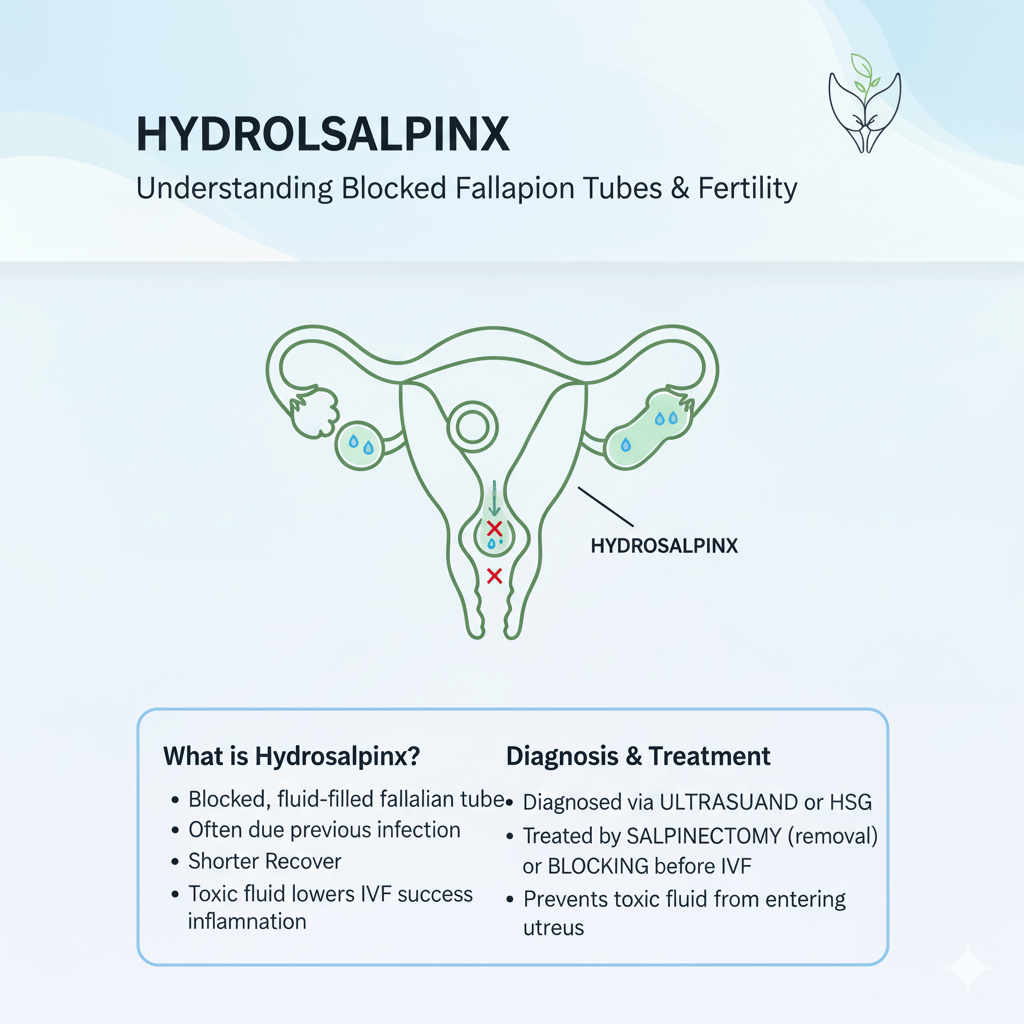 Diagnosis & Treatment Hydrosalpinx is diagnosed through a specialized ultrasound or a hysterosalpingogram (HSG), which uses a dye to visualize the fallopian tubes. To improve IVF success rates, it is crucial to either remove the affected fallopian tube (salpingectomy) or block it off from the uterus before starting treatment. This prevents the toxic fluid from compromising the uterine environment.
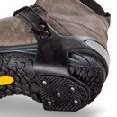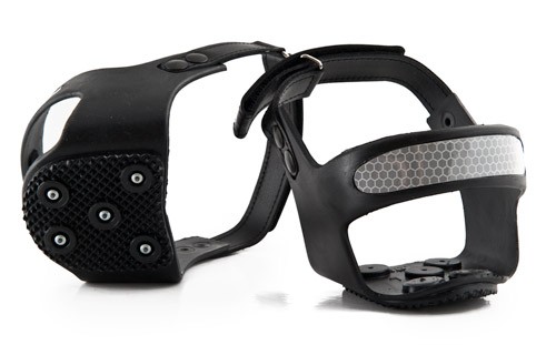 Tvärstopp halkskydd sätter du på klacken på dina skor. Sätts enkelt fast med kardborreband över vristen. Du kan behålla Tvärstopp på när du kör bil, cyklar eller åker buss.
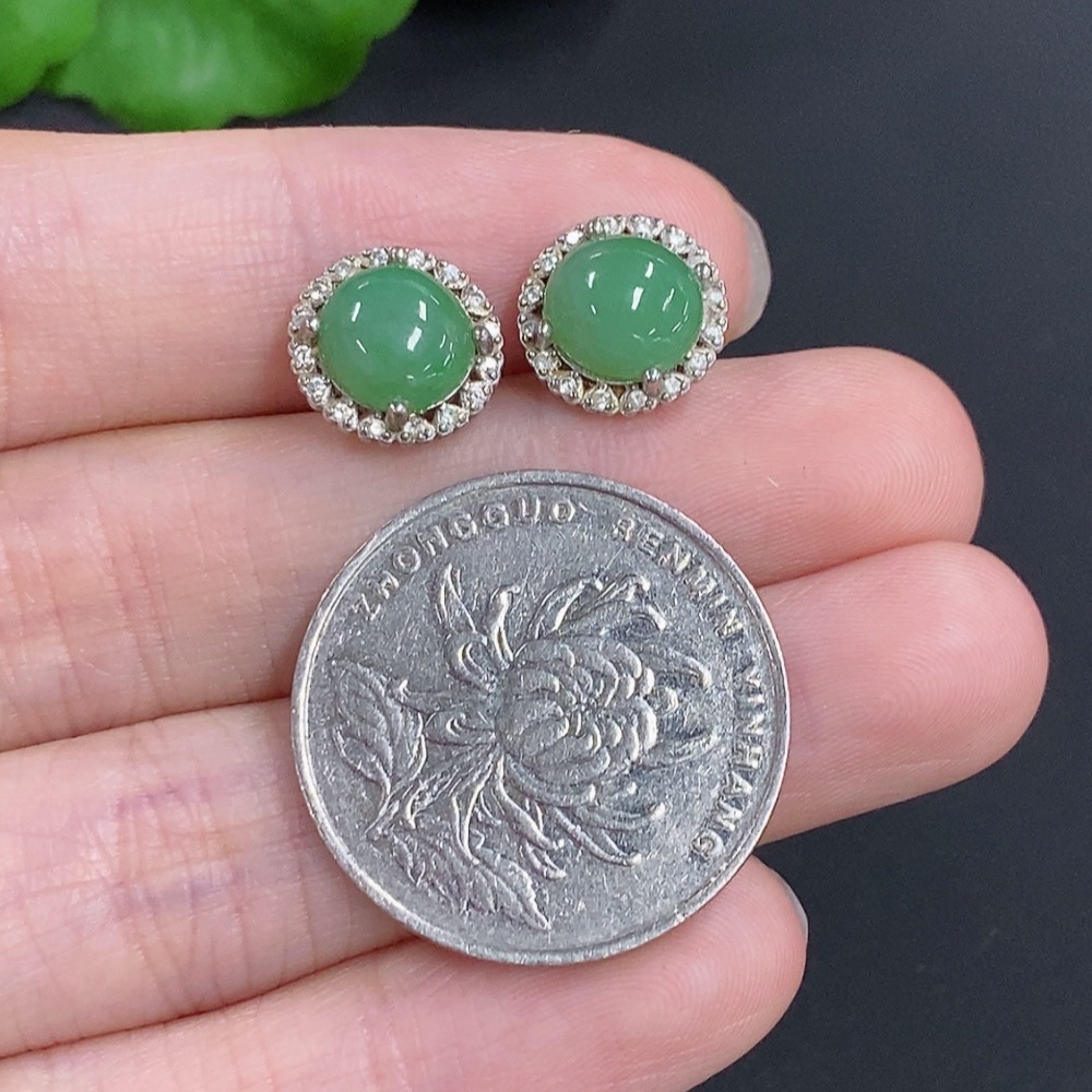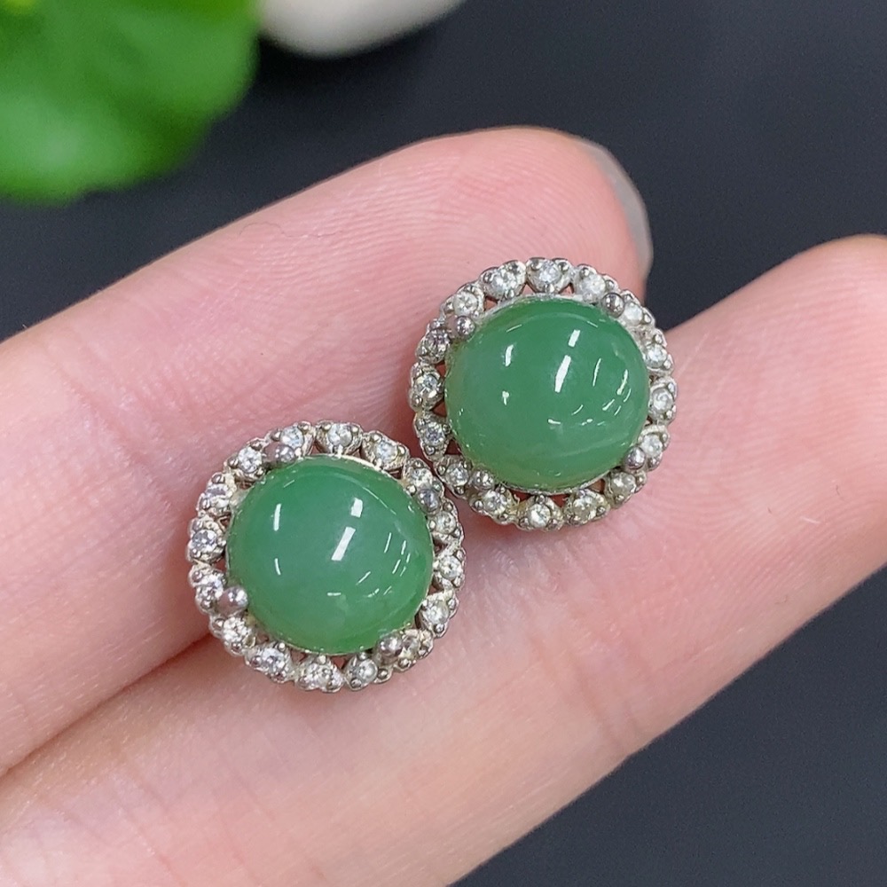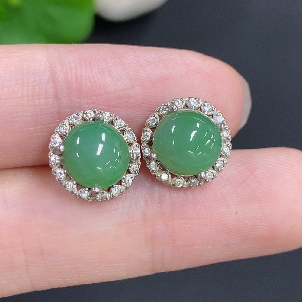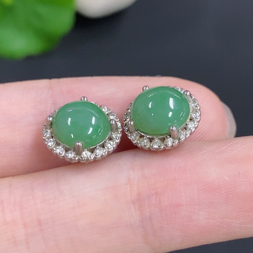Jadeite Cabochon Stud Earrings Non-Gold Total Weight Approx. 2.4g
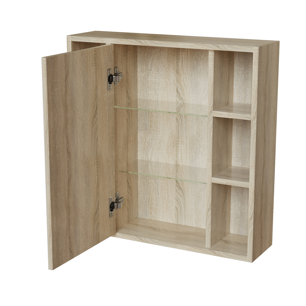 Серия "МИЛТОН" - это идеальный выбор для тех, кто ценит сочетание стиля и практичности. Коллекция отличается сочетанием классической отделкой под дерево и нейтральным белым цветом, что позволяет ей гармонично вписаться в интерьер ванной комнаты, подчеркивая его современный характер.Преимущества серии:- Современный дизайн с двухцветными фасадами: элегантное сочетание белого и дуба сонома.- Продуманная организация: открытые ниши для легкого доступа к самым нужным вещам.- Увеличенная ширина пенала до 50см: дает еще больше места для хранения ваших вещейЗеркальный шкаф распашной дверцей и открытыми нишами для хранения. Внутри 2 стеклянные полки. Петли на дверце оснащены доводчиками. Фасад и корпус изготовлены из влагостойкого ЛДСП. По умолчанию шкаф зеркальный собран с открыванием дверки налево. Для смены ориентации необходимо повернуть шкаф на 180 градусов перед установкой.Комплектация - крепления, 2 стеклянные полки
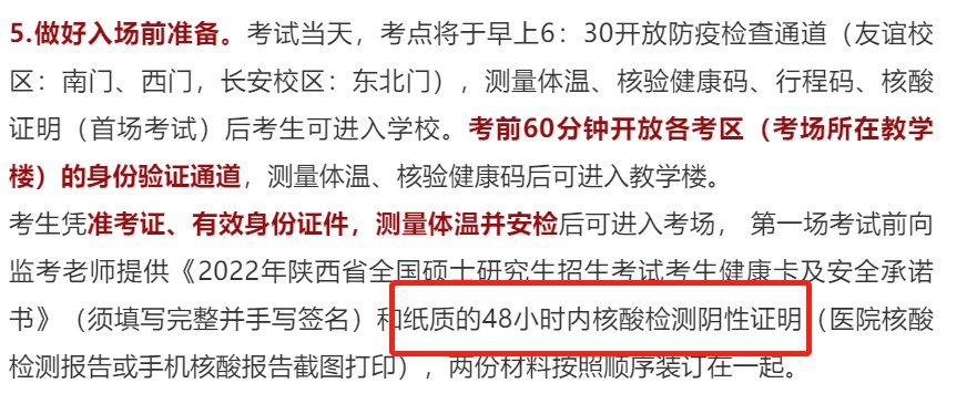 所有考生凭准考证、有效身份证件,测量体温并安检后可进入考场,第一场考试前向监考老师提供《2022年陕西省全国硕士研究生招生考试考生健康卡及安全承诺书》(须填写完整并手写签名)和纸质的48小时内核酸检测阴性证明(医院核酸检测报告或手机核酸报告截图打印),两份材料按照顺序装订在一起。

#####

EXERCISE DESCRIPTION: In the data above, find the line containing "Tvärstopp halkskydd sätter" and the line containing "крепления, 2 стеклянные полки". Repeat those two lines and everything between them exactly, minus the pictures.

RESULT:
 Tvärstopp halkskydd sätter du på klacken på dina skor. Sätts enkelt fast med kardborreband över vristen. Du kan behålla Tvärstopp på när du kör bil, cyklar eller åker buss.
Jadeite Cabochon Stud Earrings Non-Gold Total Weight Approx. 2.4g
 Серия "МИЛТОН" - это идеальный выбор для тех, кто ценит сочетание стиля и практичности. Коллекция отличается сочетанием классической отделкой под дерево и нейтральным белым цветом, что позволяет ей гармонично вписаться в интерьер ванной комнаты, подчеркивая его современный характер.Преимущества серии:- Современный дизайн с двухцветными фасадами: элегантное сочетание белого и дуба сонома.- Продуманная организация: открытые ниши для легкого доступа к самым нужным вещам.- Увеличенная ширина пенала до 50см: дает еще больше места для хранения ваших вещейЗеркальный шкаф распашной дверцей и открытыми нишами для хранения. Внутри 2 стеклянные полки. Петли на дверце оснащены доводчиками. Фасад и корпус изготовлены из влагостойкого ЛДСП. По умолчанию шкаф зеркальный собран с открыванием дверки налево. Для смены ориентации необходимо повернуть шкаф на 180 градусов перед установкой.Комплектация - крепления, 2 стеклянные полки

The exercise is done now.